7 Walkers’ Papa Mali Talks the Walk

BR: “Evangeline” is just plain lovely. I don’t know if you got inside of that one or if Hunter got inside of you

PM: One of the two, man, one of the two … I know Hunter was really touched when he heard what we did with that song – just like I was when I first read the lyrics; I immediately connected with it.

Hunter had lines like, “Plain to her as street signs posted in the trees.” There are places in Louisiana where they put the street signs in the trees and I don’t think anybody who’s never been there could possibly know that, you know? It’s things like that that touched me … Hunter’s not just a great poet and lyricist – he pays attention to the little details that seep into our subconsciousness. I’d never even thought about the street signs until I read him describing them.

BR: Another thing that struck me about “Evangeline” the first time through was Bill – just his cymbal work on that tune would be a great study for any aspiring drummer.

PM: Billy is one of the most amazing drummers I have ever experienced. I mean, I knew that before I met him, but it’s different when you play with somebody. I had to almost re-approach my own playing when I started playing with him, because he liberates you; his playing is so perfect, yet his style is so free that it really makes you play more freely … it’s a beautiful thing.

I think that Billy really brought jazz drumming into the rock world, you know? I mean, guys like Mitch Mitchell did it, too, but Billy really did it better. You can hear people like Elvin Jones in his playing – it’s really amazing.

BR: I had to laugh when I first heard “Hey Bo Diddle”, thinking about how many times Billy and the Dead jammed their way into and out of “Not Fade Away”. But you guys took that Bo Diddley-style beat and found a totally different path to travel with it.

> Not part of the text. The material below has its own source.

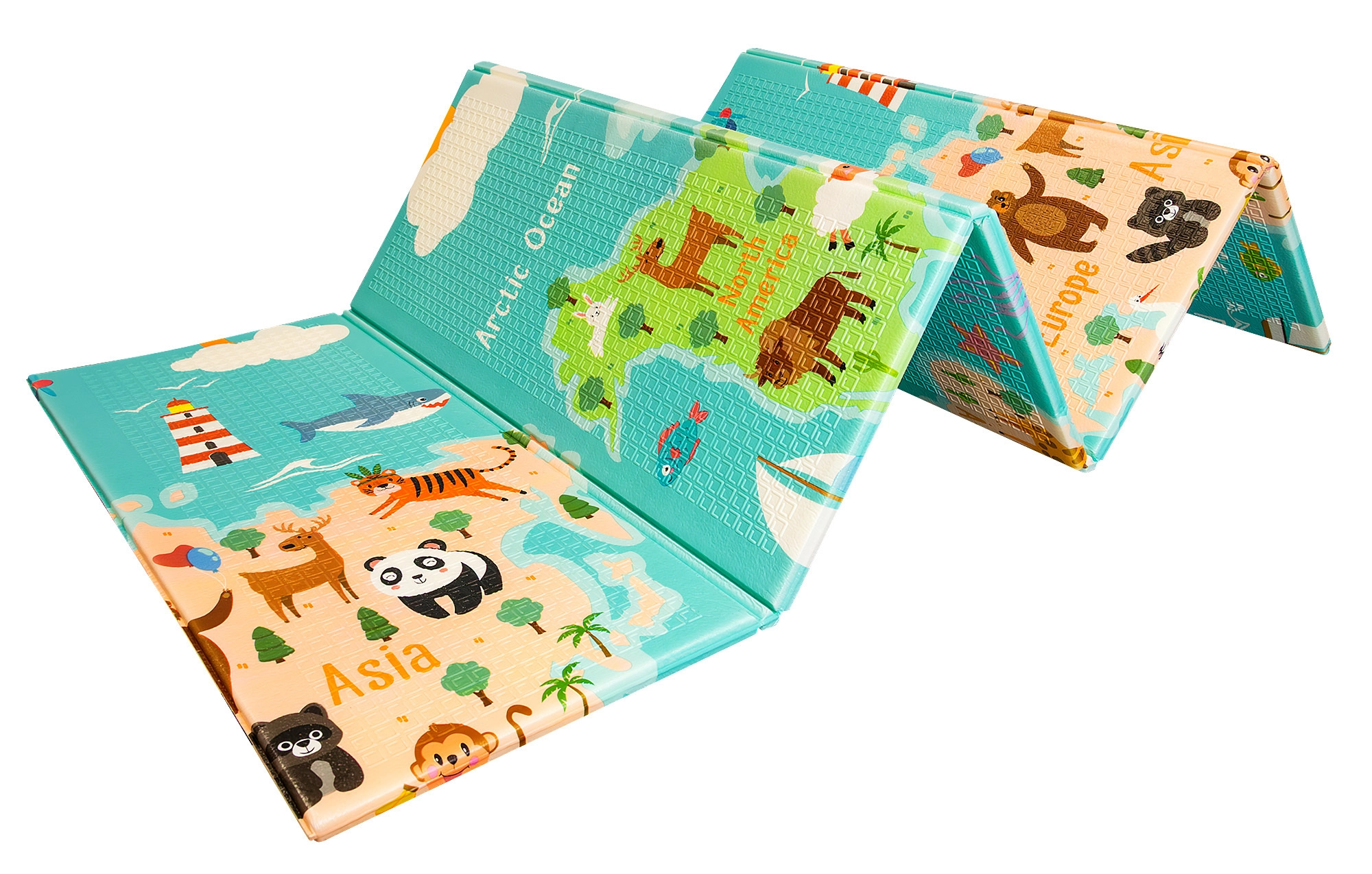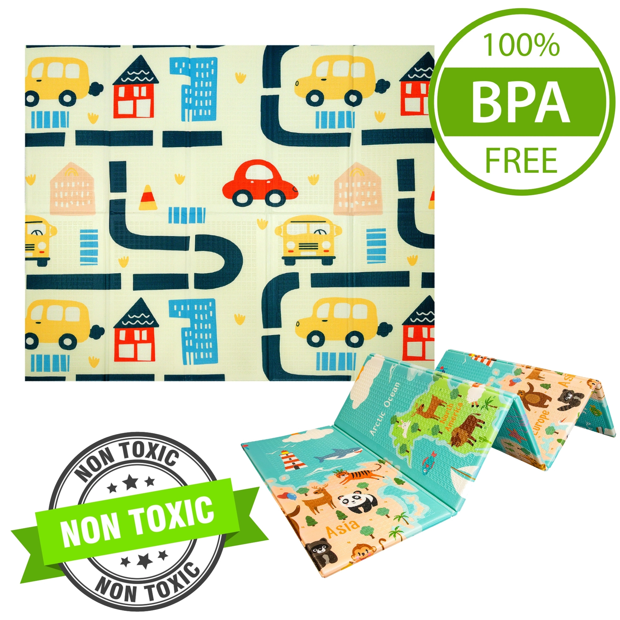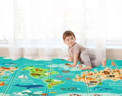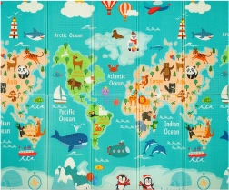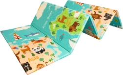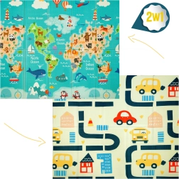 Viena pusė su spalvotu pasaulio žemėlapiu ir gyvūnais, kita – su miestu ir keliais mašinėlėms. Dvi edukacinės temos viename kilimėlyje ugdo vaizduotę ir žinias.

PM: And that’s one where you have to totally give the credit to Bill. He loves New Orleans music, but just like with anything else he plays, he always puts his stamp of individuality on it. So even though it’s sort of a second-line New Orleans beat and somewhat of a Bo Diddley beat, it’s really neither. It’s a unique thing that Billy created and it really defines the song.

BR: “7 Walkers” – which came first, the band name or the song?

PM: The song came first. We took our name from it because we loved that Robert Hunter magic of puzzles within puzzles and cosmic connections within his lyrics that are clues to other things.

BR: On one level, there are these cool street scenes – the right-in-your-face stuff – and at the same time, there’s this level of mysticism.

PM: You got it. That’s what intrigued us about the song and made it a perfect name for the band. It expresses our interest in mystic spirituality – and at the same time, we’re just regular guys just playing music on the road, man. (laughs)

BR: You’ve been playing music for a long time – has it ever felt like this band does to you?

PM: Never, man. Never. And it’s not just the fact that I’m playing with two of my heroes – I’ve been lucky enough to play with _a lot _ of my heroes over the years, actually. It’s something much more than that …

I have to say, when I first thought about bringing George into the fold, I never even dreamed that he’d be enjoying it so much that he’d put his other projects on the back burner and go with this, you know? He’s a very groovy and a very busy guy. But something special happened between he and Billy that just can’t be denied. That was when I realized that we really had a band – it wasn’t just me and Billy doing a project.

I think that’s what makes our sound unique: there are four of us who have each had very different experiences – but at the same time, we’re all really connected, man.